Le comte de Monte-Cristo, tome 1 d'Alexandre Dumas. 800 pages. Le livre de poche, coll : "Les classiques de poche". 2008 pour la présente édition, 1845 pour le texte original.

lundi 16 mai 2016

Des plus et des moins, Episode 1 : Ephémère de Lauren Destefano





Résumé de quatrième de couverture : 


Que faire de sa vie quand on connaît la date exacte de sa mort ?
Les scientifiques ont créé des enfants génétiquement parfaits, immunisés contre toutes les maladies.
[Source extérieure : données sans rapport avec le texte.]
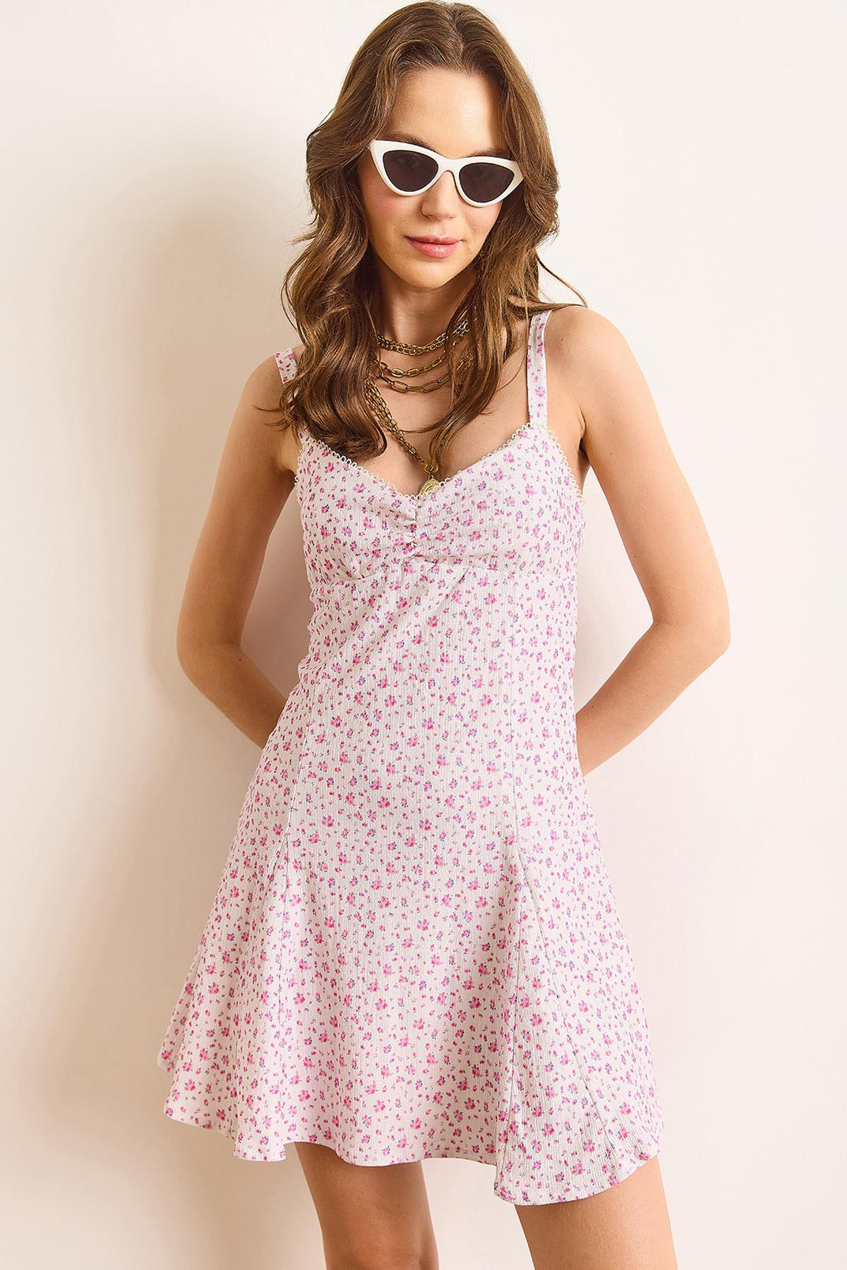 Dantel Detaylı Roba Büzgülü Astarlı Mini Kloş Elbise Beyaz Pembe (ELB-19002512)

L'humanité a cru voir son avenir assuré...jusqu'au jour où le verdict accablant est tombé. Ces jeunes gens ont une espérance de vie incroyablement courte : 25 ans pour les hommes, 20 ans pour les femmes, sans exception. Dans ce monde désolé, des jeunes filles sont kidnappées et contraintes à des mariages polygames pour la survie de l'espèce.
Rhine, âgée de seize ans, a été enlevée de force à son frère. Elle se réveille enfermée dans une prison dorée, un manoir où des serviteurs veillent à ses moindres désirs. Malgré l'amour sincère de son mari et la confiance qui s'instaure petit à petit avec ses sœurs épouses, Rhine n'a qu'une idée en tête : s'enfuir de cet endroit.



Les + : 


- Une atmosphère oppressante et brumeuse bien retranscrite. 
Une camaraderie entre les personnages féminins extrêmement touchante
Un style d'écriture agréable à lire (même si je regrette de ne pas l'avoir lu en anglais, la traduction de ce roman est plutôt bonne)
- Un récit addictif qui pousse à tourner les pages très rapidement
- Des passages très durs et sombres à lire que j'ai trouvés bien écrits et intéressants. 





Les -  

- Des personnages masculins fades
- Les romances amorcées sont inintéressantes et ne servent pas l'atmosphère pourtant réussie sans cela.
- Une curieuse ressemblance avec le roman de Margaret Atwood La servante écarlate qui m'a dès le départ empêchée de rentrer en complète immersion, car le chef d'oeuvre de l'auteur canadienne ne parvenait jamais à me sortir de la tête.
- Des ellipses temporelles qui nous empêchent de nous attacher réellement aux personnages et qui font que les rapprochements entre les personnages paraissent souvent forcés ou trop rapides. (Avec Gabriel notamment)


Pour résumer, j'ai apprécié cette dystopie YA mais je l'ai trouvée trop similaire à la servante écarlate , plusieurs choix de l'auteur m'ont agacée et je n'ai jamais réussi à ressentir de quelconque attachement aux personnages. 

Une note généreuse de 3/5.


Le dernier jardin, tome 1 : Ephémère de Lauren Destefano, Castelmore. 2011. 350 pages.